In support of its motion, SGS emphasizes the "same actor" inference. Specifically, because Bunnell and Velez were involved in hiring Katti in September 2011, SGS contends, there is a "strong presumption" that the decision to terminate him just nine months later was not unlawfully motivated. (Def.'s Mem. at 9-10 (citing EEOC v. Our Lady of the Resurrection Medical Center, 77 F.3d 145, 152 (7th Cir. 1996).) The Court of Appeals has explained, however, that it is "misleading to suggest" that where the same person both hires and fires an employee, those circumstances "create a 'presumption' of nondiscrimination . . . ." Herrnreiter v. Chi. Hous. Auth., 315 F.3d 742, 747 (7th Cir. 2002). Instead, the "same actor" inference is "something for the trier of fact to consider." Id. That advice seems particularly appropriate here, where Velez was but one of four persons who interviewed and hired Katti (Katti Dep., at 128), but was his sole direct supervisor. In short, the court is not prepared to say that no reasonable jury could find in favor of Katti on his sex discrimination claim. On that claim alone, the motion for summary judgment will be denied.

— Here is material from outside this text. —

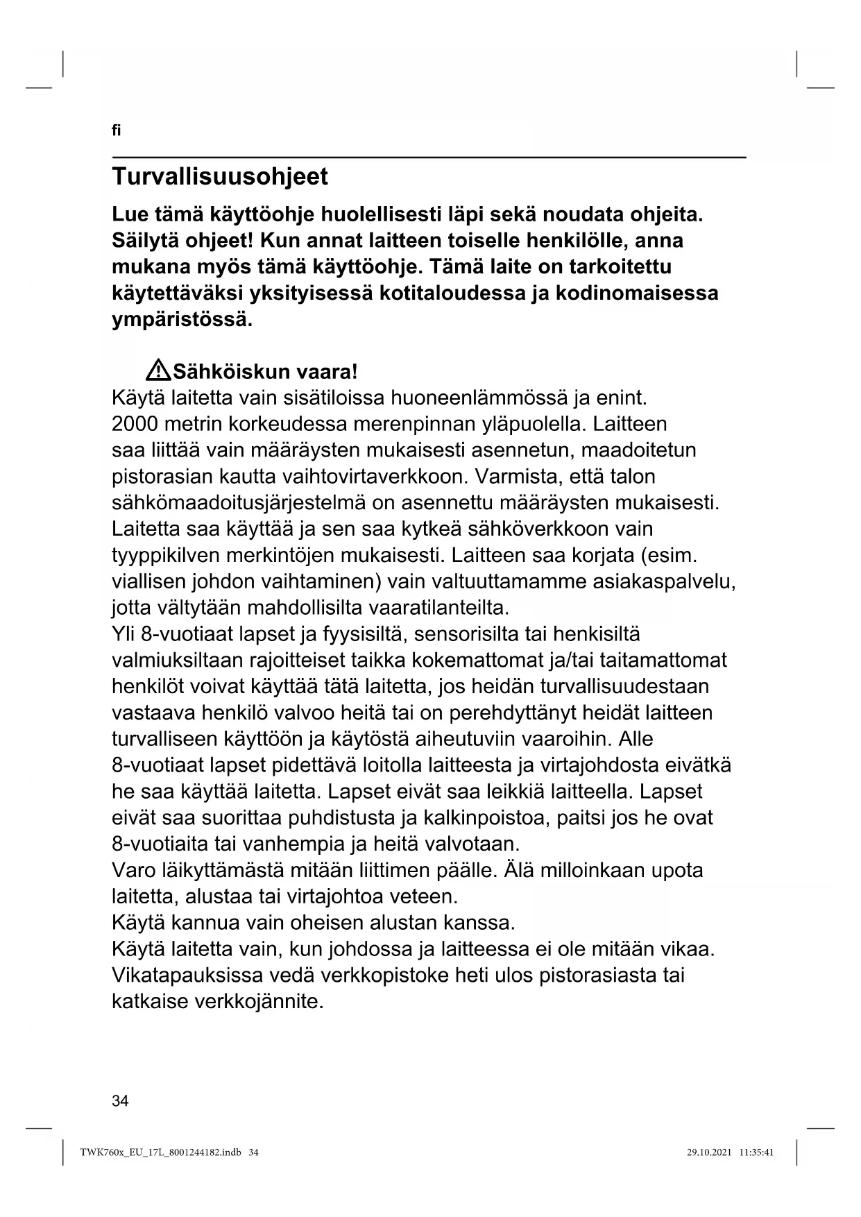 VAROITUS: Tätä laitetta ei saa käyttää kylpyammeiden, suihkujen, pesualtaiden tai muiden vettä sisältävien astioiden läheisyydessä. WTukehtumisvaara! Älä anna lasten leikkiä pakkausmateriaalilla. WLoukkaantumisvaara! Laitteen väärinkäyttö voi johtaa loukkaantumisiin. WHuomio! Elintarvikkeiden kanssa kosketuksissa olevien pintojen puhdistus! Käyttöoppaassa annettuja erityisiä puhdistusohjeita on noudatettava. TWK760x_EU_17L_8001244182.indb 34TWK760x_EU_17L_8001244182.indb 34 29.10.2021 11:35:4129.10.2021 11:35:4135

Defendant SGS's motion for summary judgment  is granted in part and denied in part. Plaintiff's claim of discrimination on the basis of gender reassignment is not properly before the court and is unsupported by the evidence. Nor has Plaintiff presented evidence that creates any disputes of fact concerning his claims of national origin discrimination or retaliation. Viewing the record in the light most favorable to him, however, the court concludes he has presented sufficient circumstantial evidence to survive summary judgment on his sex discrimination claim. With respect to that claim, the motion is denied.